◆ Exercise goal: Check the data underneath for lines holding the word "internet", and state only how many you find.

◆ Data to process:
- - -

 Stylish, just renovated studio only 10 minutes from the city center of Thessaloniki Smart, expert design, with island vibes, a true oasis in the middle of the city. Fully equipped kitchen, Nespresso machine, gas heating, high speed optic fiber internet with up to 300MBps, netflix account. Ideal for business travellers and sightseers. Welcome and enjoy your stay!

- - -

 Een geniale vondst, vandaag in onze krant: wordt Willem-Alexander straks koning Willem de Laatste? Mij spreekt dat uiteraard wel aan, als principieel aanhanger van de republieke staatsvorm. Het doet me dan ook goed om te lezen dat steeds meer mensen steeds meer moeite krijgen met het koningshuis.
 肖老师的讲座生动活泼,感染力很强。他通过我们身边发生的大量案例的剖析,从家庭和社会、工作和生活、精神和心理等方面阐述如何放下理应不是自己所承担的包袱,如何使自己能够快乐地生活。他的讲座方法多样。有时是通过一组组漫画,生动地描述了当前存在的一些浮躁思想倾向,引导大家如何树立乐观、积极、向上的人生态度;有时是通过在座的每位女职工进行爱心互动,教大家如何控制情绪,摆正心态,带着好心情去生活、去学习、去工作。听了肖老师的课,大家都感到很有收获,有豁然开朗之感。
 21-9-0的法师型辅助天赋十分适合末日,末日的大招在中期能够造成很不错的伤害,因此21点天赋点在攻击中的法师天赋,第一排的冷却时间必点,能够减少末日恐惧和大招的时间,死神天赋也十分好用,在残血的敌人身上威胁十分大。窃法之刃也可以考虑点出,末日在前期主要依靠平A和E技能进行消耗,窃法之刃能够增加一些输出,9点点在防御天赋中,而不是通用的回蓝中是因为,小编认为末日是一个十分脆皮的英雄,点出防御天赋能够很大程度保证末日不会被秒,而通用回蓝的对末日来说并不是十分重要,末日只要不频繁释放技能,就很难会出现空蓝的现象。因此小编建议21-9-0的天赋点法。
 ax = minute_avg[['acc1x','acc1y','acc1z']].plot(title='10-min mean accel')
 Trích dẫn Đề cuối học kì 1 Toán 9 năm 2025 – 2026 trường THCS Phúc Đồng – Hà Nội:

- - -

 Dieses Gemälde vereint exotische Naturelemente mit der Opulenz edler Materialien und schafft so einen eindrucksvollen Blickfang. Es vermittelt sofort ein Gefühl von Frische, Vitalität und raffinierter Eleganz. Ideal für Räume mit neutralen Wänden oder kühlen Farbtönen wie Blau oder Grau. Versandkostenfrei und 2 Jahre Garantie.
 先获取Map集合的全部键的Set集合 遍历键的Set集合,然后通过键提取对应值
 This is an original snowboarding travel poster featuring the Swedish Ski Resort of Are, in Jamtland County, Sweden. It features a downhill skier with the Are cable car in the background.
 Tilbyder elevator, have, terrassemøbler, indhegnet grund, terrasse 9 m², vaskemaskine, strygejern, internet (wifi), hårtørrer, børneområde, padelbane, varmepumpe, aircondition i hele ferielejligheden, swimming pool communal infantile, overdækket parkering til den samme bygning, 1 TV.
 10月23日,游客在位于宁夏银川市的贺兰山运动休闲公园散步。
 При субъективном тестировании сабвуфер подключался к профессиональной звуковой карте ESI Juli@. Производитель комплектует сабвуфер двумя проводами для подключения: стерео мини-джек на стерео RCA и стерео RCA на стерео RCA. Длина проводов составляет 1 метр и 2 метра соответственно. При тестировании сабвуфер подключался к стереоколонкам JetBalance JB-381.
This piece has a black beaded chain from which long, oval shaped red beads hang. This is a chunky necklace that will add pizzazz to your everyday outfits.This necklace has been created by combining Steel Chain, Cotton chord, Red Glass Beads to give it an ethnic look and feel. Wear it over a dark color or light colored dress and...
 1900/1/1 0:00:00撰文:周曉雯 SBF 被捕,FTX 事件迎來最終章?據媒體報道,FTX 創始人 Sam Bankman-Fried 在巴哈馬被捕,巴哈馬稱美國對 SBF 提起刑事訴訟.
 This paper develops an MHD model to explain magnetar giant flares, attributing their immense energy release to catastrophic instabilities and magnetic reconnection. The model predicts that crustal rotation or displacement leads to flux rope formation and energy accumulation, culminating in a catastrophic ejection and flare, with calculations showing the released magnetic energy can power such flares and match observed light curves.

- - -

◆ Finished exercise: 2